David Foster Wallace
I Write Like by Mémoires, Mac journal software. Analyze your writing!
I just found a link to this funny thing called "The Writing Analyzer" on the blog
"Direct Address" http://timbauer.wordpress.com/
You paste a piece of your writing into it, and it tells you what famous author your scribblings most resemble.
Some previous responses to various users had been HP Lovecraft, Kurt Vonnegut and "DaVinci Code" author Dan Brown, so it's a pretty wide playing field, evidently.
Curious, I put "The Salt Girl" into the contraption and was told that I wrote most like David Foster Wallace.
(Though I'm not sure if that's because of the writing, or the subject matter.)
Still, I couldn't be more flattered, (I thought I would get Danielle Steele, at best!) though, honestly, I now can't get Wallace's tragic end out of my mind, the poor thing.

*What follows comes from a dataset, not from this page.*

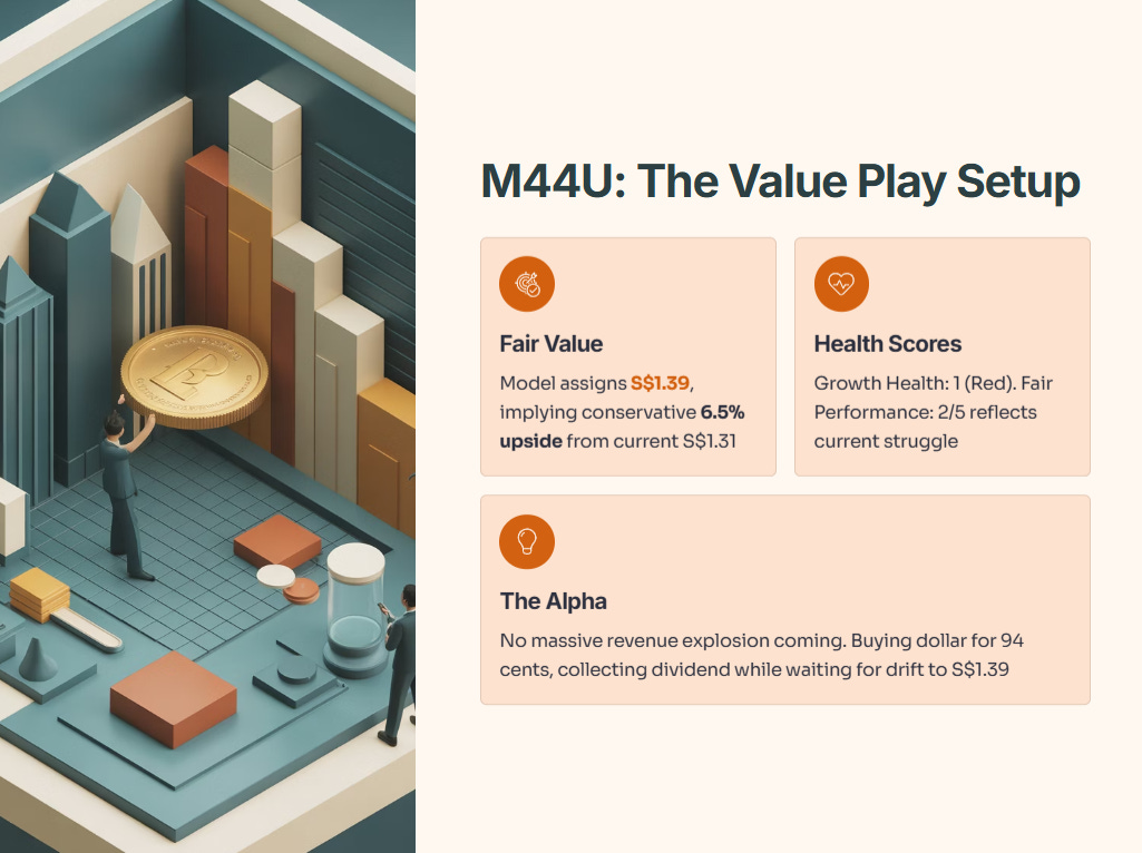 Here is the Alpha: The model hates the growth narrative here, and frankly, it’s right. There is no massive revenue explosion coming. We aren’t buying M44U for growth. We are buying it because it is trading below its intrinsic value (Fair Performance score of 2/5 reflects the current struggle). You are buying a dollar for 94 cents, collecting the dividend while you wait for the unit price to drift back up to that S$1.39 fair value anchor.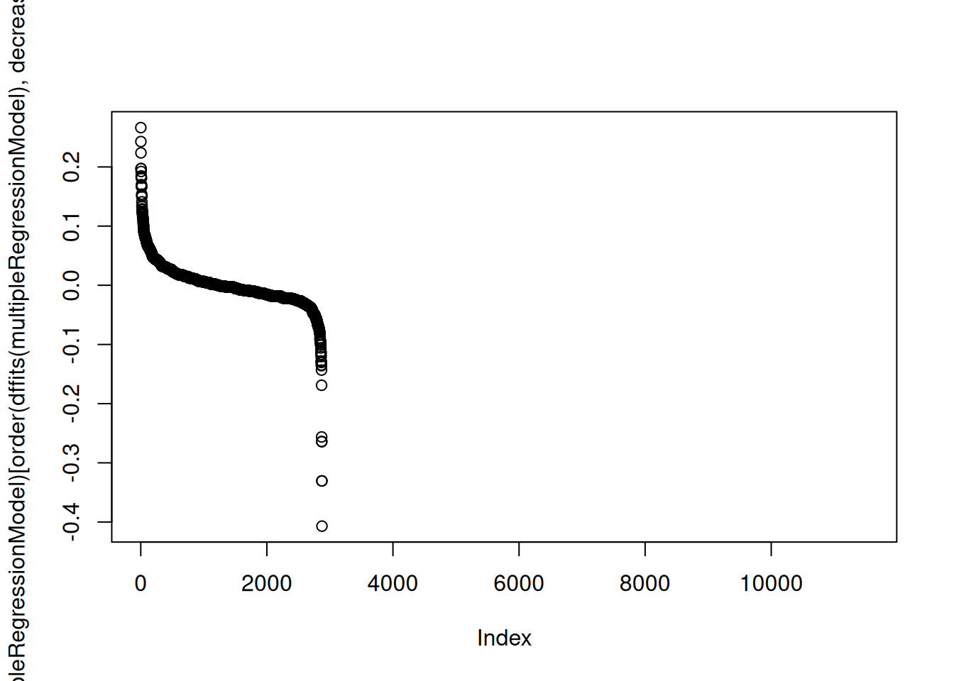 plot(dffits(multipleRegressionModel)[order(dffits(multipleRegressionModel), decreasing = TRUE)])

I think I would rather write like him than BE him, necessarily.
He was clearly dealing with some really heavy shit.
But sometimes I worry that being a brilliant mind/writer and being happy might be mutually exclusive.

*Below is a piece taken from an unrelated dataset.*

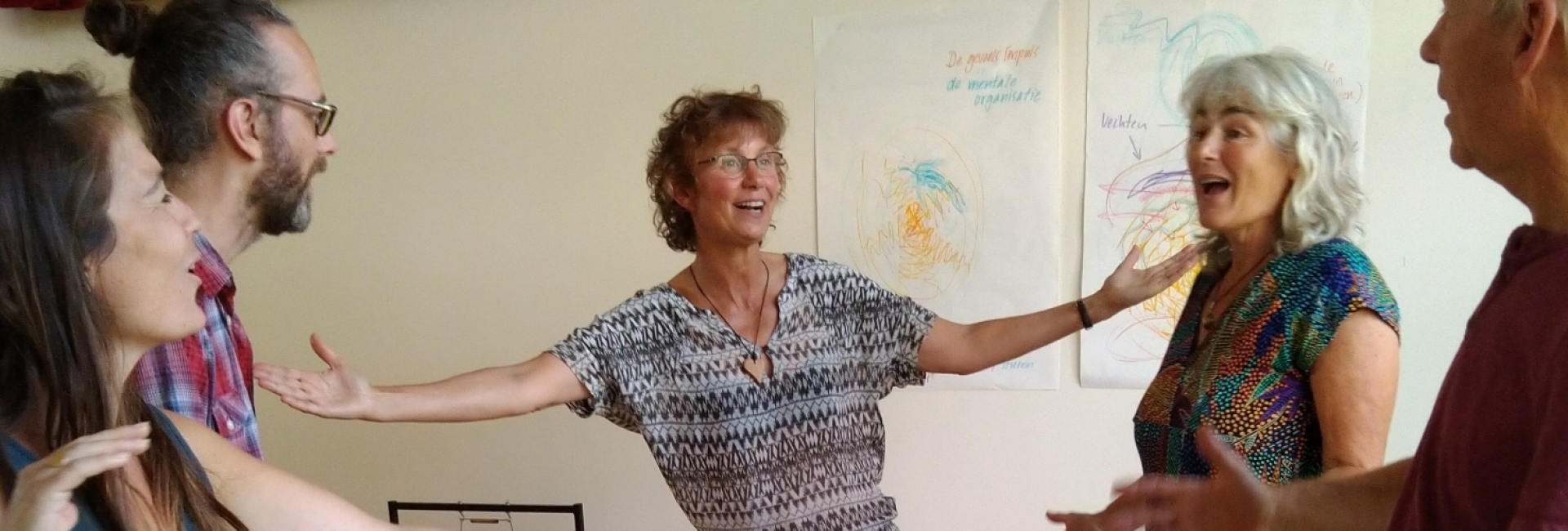 We beginnen met specifieke lichaamsbeweging omdat je dan meer voelt, meer waarneemt in je lichaam en jij je makkelijker uit. Dan gaan we klinken, altijd vrije geïmproviseerde klanken. We klinken eerst lichamelijk: zo voel je dat je romp een klankkast is. Er zijn veel vormen van klinken: melodisch, ritmisch, rauw, uitend in de wereld, helend in jezelf. De ene keer vrije expressie, de andere keer juist in afstemming met elkaar. Jouw klank te midden van alle klanken met de groep als getuigen. iedere avond heeft verschillende werk vormen , die allen hun eigen kwaliteit hebben en een ander aspect van jou aanraken.

Hemingway was, clearly, not all that cheery.
Or James Joyce.
Or Proust.
Sylvia Plath.
Anne Sexton.
F. Scott was fun, but what a handful!
Same with Dorothy Parker. You REALLY don't want to be cleaning up after THOSE two...
Poe was a freaking nut.
According to a new biography, even William Golding of your eighth-grade required-reading "The Lord of the Flies" fame was pretty miserable, and he wasn't even THAT brilliant. I mean, don't get me wrong, he was certainly more brilliant then, say, Jacqueline Suzanne (who died of cancer pretty young, btw), but not next to Proust.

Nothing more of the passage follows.